Unprocessed critical means a JetStream consumer has more undelivered messages waiting in its backlog than the operator-defined threshold. The num_pending metric represents messages in the stream that match the consumer’s filter but haven’t been delivered yet — the consumer’s to-do list. When this count crosses the critical threshold, the consumer is falling behind and the gap between published messages and processed messages is growing.
A growing num_pending backlog is the most direct indicator that a consumer can’t keep up with its workload. Unlike num_ack_pending (messages delivered but unacknowledged) or num_waiting (idle pull requests), num_pending measures the fundamental throughput deficit: messages are arriving faster than the consumer processes them.
The consequences depend on the stream’s retention configuration. With a limits-based retention policy and max_msgs or max_bytes constraints, the oldest messages in the stream are evicted as new ones arrive. If the consumer’s backlog grows large enough, unprocessed messages may be evicted before the consumer ever delivers them — permanent, silent data loss. The consumer’s num_pending count drops (because the messages no longer exist), which can paradoxically make the situation look like it’s improving when messages are actually being discarded.
Even without retention limits, a large backlog creates operational pressure. Downstream systems that depend on timely processing — dashboards, search indexes, notification pipelines, billing systems — become increasingly stale. The age of the oldest unprocessed message grows from seconds to minutes to hours. In some systems, messages older than a certain age are worthless (real-time pricing, fraud detection, session tracking), so a backlog effectively equals data loss even if the messages technically still exist.

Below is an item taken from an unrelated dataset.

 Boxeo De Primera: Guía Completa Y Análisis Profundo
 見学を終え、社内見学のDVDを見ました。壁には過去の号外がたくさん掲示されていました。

At critical levels, the backlog also affects recovery time. If a consumer falls 10 million messages behind, even processing at 10,000 msg/s takes over 16 minutes to catch up — assuming no new messages arrive during recovery. With continued inflow, catch-up takes even longer or may never complete if the processing rate is only marginally above the publish rate.
Consumer processing too slow. The most common cause. The consumer’s message processing throughput is lower than the stream’s inbound message rate. Each second, the gap between published and processed messages widens. This can be due to slow downstream dependencies, CPU-bound processing, or blocking I/O in the message handler.

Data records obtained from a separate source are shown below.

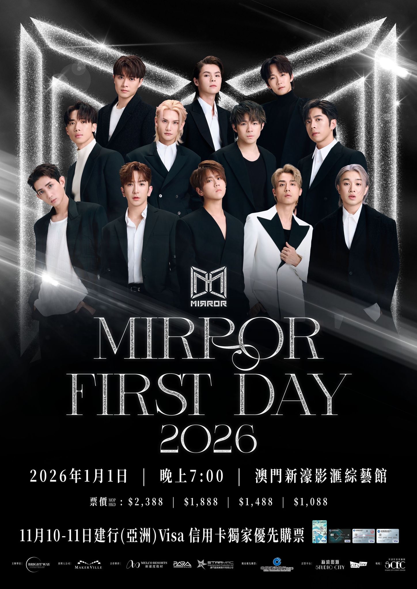 踏入元旦,再掀新一波鏡式風暴!MIRROR將1月1日這個重要日子奉獻予《MIRROR First Day 2026》演唱會,作為揭開2026年序幕的重磅專場演出,十二子將帶來全新舞台體驗,傾力跳唱多首耳熟能詳的經典金曲,為粉絲精心打造一個獨特而不可復刻的元旦日。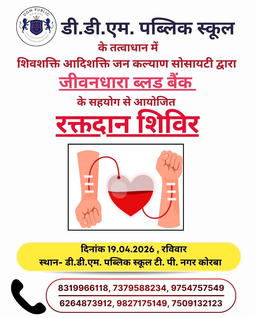 कोरबा/स्वराज टुडे: दिनांक 19 /4 /2026 को सुबह 10:00 बजे से डीडीएम पब्लिक स्कूल के तत्वावधान में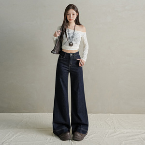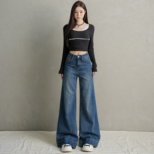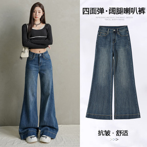包邮 复古微喇牛仔裤女春秋2025新款不贴腿高腰宽松阔腿喇叭裤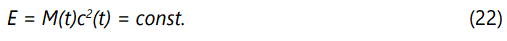 Based on the assumption that the overall energy E in the universe is constant (Axiom VI), results from E = Mc2 and (5) for the mass of the universe.

Consumer instances disconnected or crashed. One or more consumer instances stopped processing — a crash, a deployment rollback, an OOM kill, or a network partition. The remaining instances (if any) can’t absorb the full load, so the backlog grows. If all instances are down, num_pending grows at the full publish rate.
Traffic spike without consumer scaling. The publish rate increased significantly — a batch import, a marketing event, a partner integration going live — but the consumer pool wasn’t scaled up to match. The consumer was sized for steady-state traffic and can’t handle the burst.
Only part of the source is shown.